Wieczorny drink to dla wielu osób niemal rytuał, relaks po ciężkim dniu. Konsekwencje nawet umiarkowanego picia po czterdziestce mogą być poważne i dalekosiężne.
Picie po czterdziestce
Większość 40-latków nie stroni od umiarkowanych ilości alkoholu. Tymczasem picie może powodować szereg konsekwencji dla zdrowia. Po czterdziestce proces starzenia ulega przyspieszeniu i problemy związane ze spożywaniem alkoholu narastają.
Alkohol wpływa na organizm kompleksowo: od układu trawiennego i układu sercowo-naczyniowego aż po kondycję skóry.
To wyjaśnia, dlaczego z wiekiem po wypiciu jakiejkolwiek ilości alkoholu czujemy się coraz gorzej. Ponadto, organizmy starszych osób są mniej nawodnione, co potęguje skutki spożycia alkoholu. Nie jest on też tak szybko metabolizowany jak za młodu.
Alkohol uszkadza mózg, serce i wątrobę
Do podanych zmian wystarczy spożycie uważane za umiarkowane. Alkohol przedostaje się do mózgu, działając depresyjnie. Chociaż podczas picia sądzi się, że alkohol poprawia nastrój, wynika to z jego paraliżującego wpływu na układ nerwowy. Stąd utrata kontroli nad zachowaniami. Regularne picie prowadzi do nastrojów depresyjnych i stanów lękowych.
Ciśnienie krwi wzrasta, podobnie jak ryzyko zawału podczas picia alkoholu. Picie sprzyja również rozwojowi niewydolności serca.
Choroby wątroby to oczywista konsekwencja picia. Nie tylko nadużywanie alkoholu, ale regularne spożywanie niewielkich ilości alkoholu może prowadzić do trwałych uszkodzeń w tym narządzie. Wystarczy spożycie trunków trzy razy w tygodniu, aby prawdopodobieństwo chorób wątroby z marskością włącznie, wyraźnie wzrosło.

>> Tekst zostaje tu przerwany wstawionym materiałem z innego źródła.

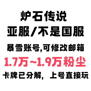 本商品为炉石传说国际服粉尘号,暴雪账号登录,登录后请立刻修改邮箱,因未修改邮箱造成的损失,一律不售后!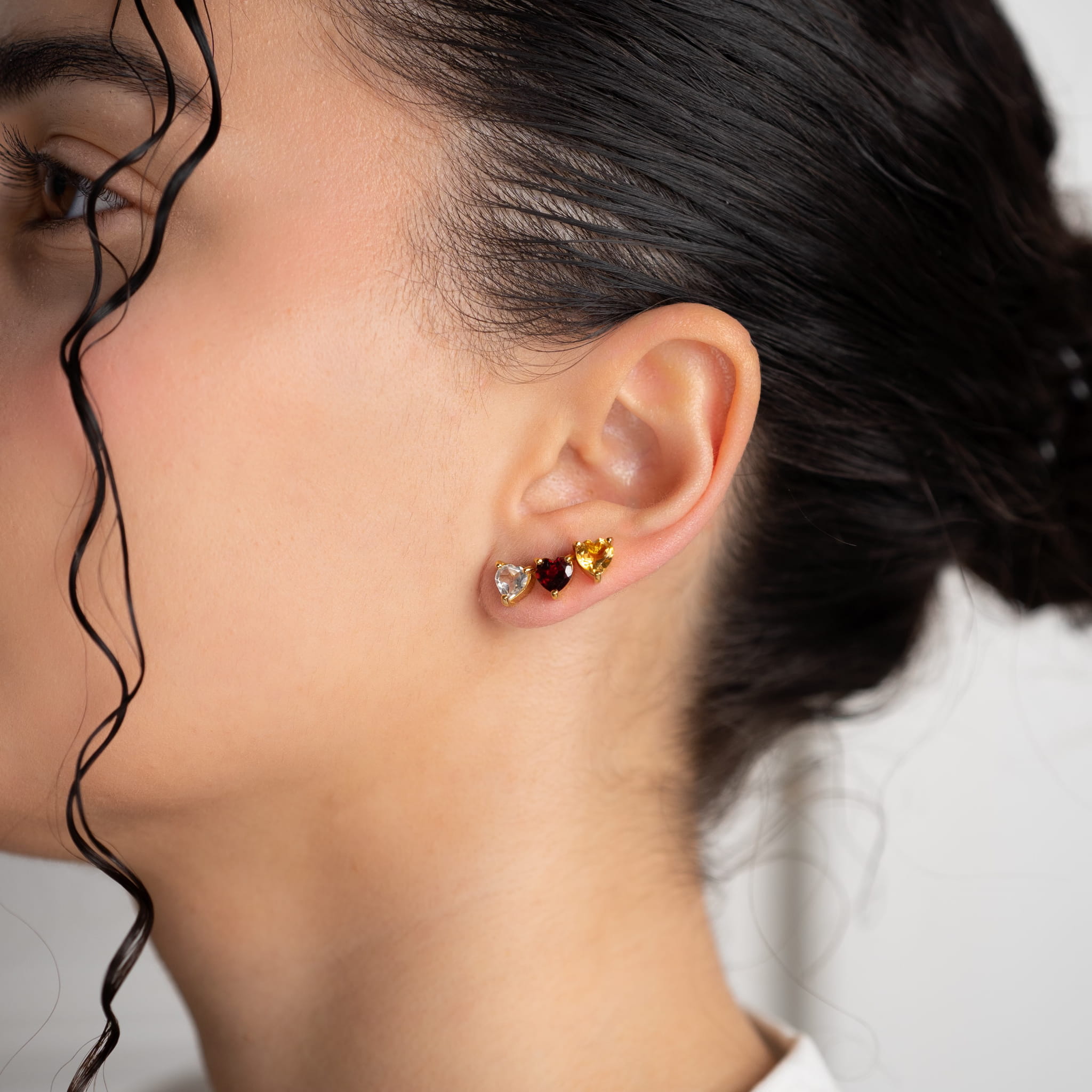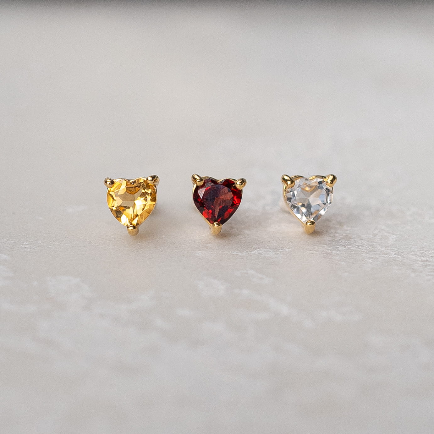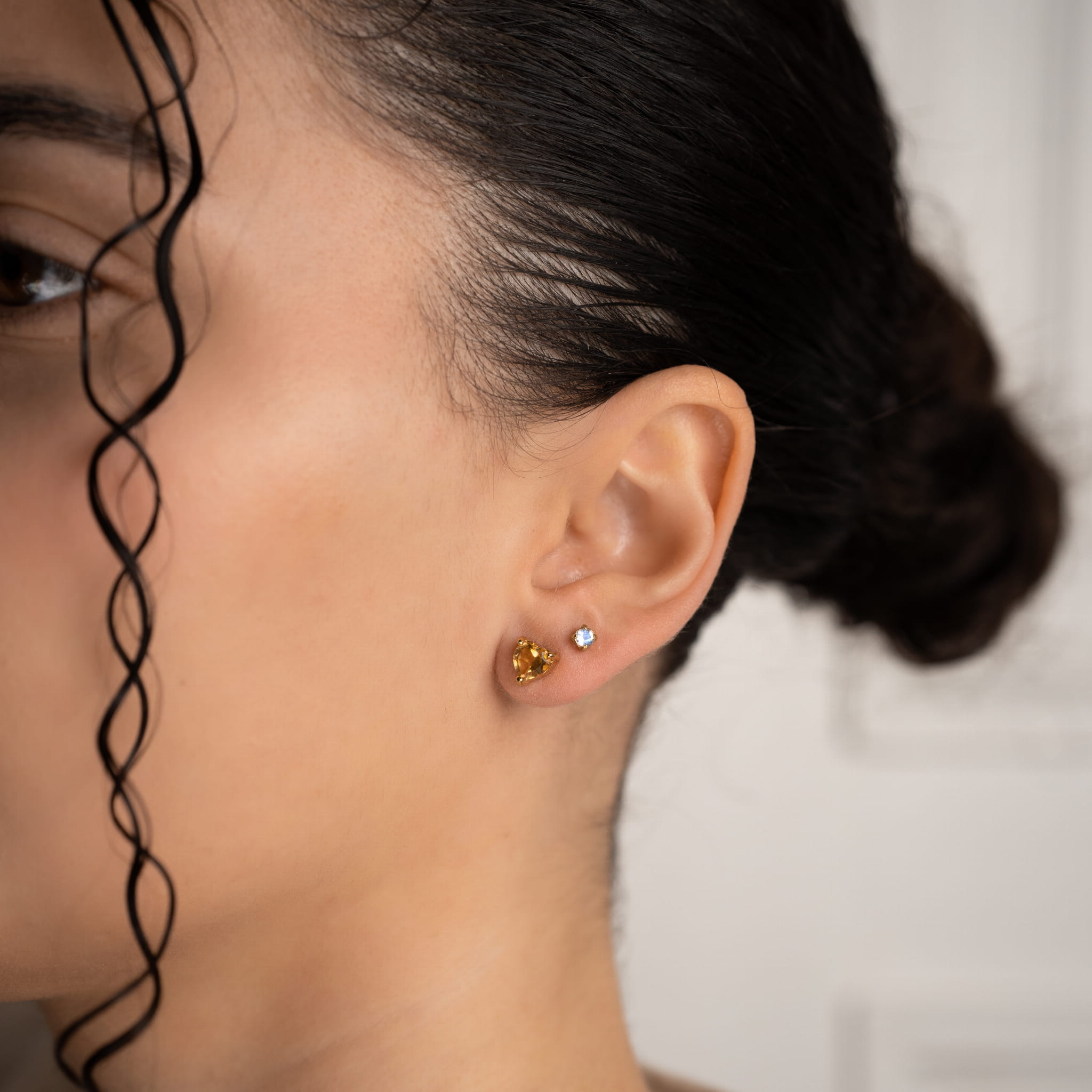 Złote Kolczyki Sztyfty Serce z Cytrynem

Kobiety pijące alkohol mają większe problemy z zajściem w ciążę. Zdarzają się u nich częściej poronienia. Choć ciąża po czterdziestce nie należy już do rzadkości, jednak lekarze uważają, że wiek jest to czynnik zwiększonego ryzyka. Dodatkowym utrudnieniem jest picie alkoholu przez przyszłą matkę. Nie chodzi tu o okres ciąży, lecz również o czas poprzedzający.
Alkohol szkodzi urodzie i powoduje tycie
Jeśli zależy ci na zachowaniu urody i młodego wyglądu, również lepiej zrezygnować z alkoholu. Spożywanie alkoholu może powodować trądzik różowaty, stałe zaczerwienienie skóry, widoczne na skórze żyłki i naczynia krwionośne. Powodowane alkoholem stres i lęki mogą nasilać problemy skórne, ponieważ wpływają na produkcję androgenów. Cukry zawarte w alkoholach również uszkadzają kolagen w skórze, przyczyniając się do przedwczesnego starzenia.
Alkohol może działać hamująco na leptynę hormonalną odpowiedzialną za apetyt i uczucie sytości. Ponadto picie podnosi poziom insuliny, co może skutkować gromadzeniem tłuszczu na brzuchu. Określenie „brzuch piwny” ma swoje uzasadnienie. Aby zachować nienaganną sylwetkę przy zwolnionym metabolizmie, lepiej wystrzegać się alkoholu.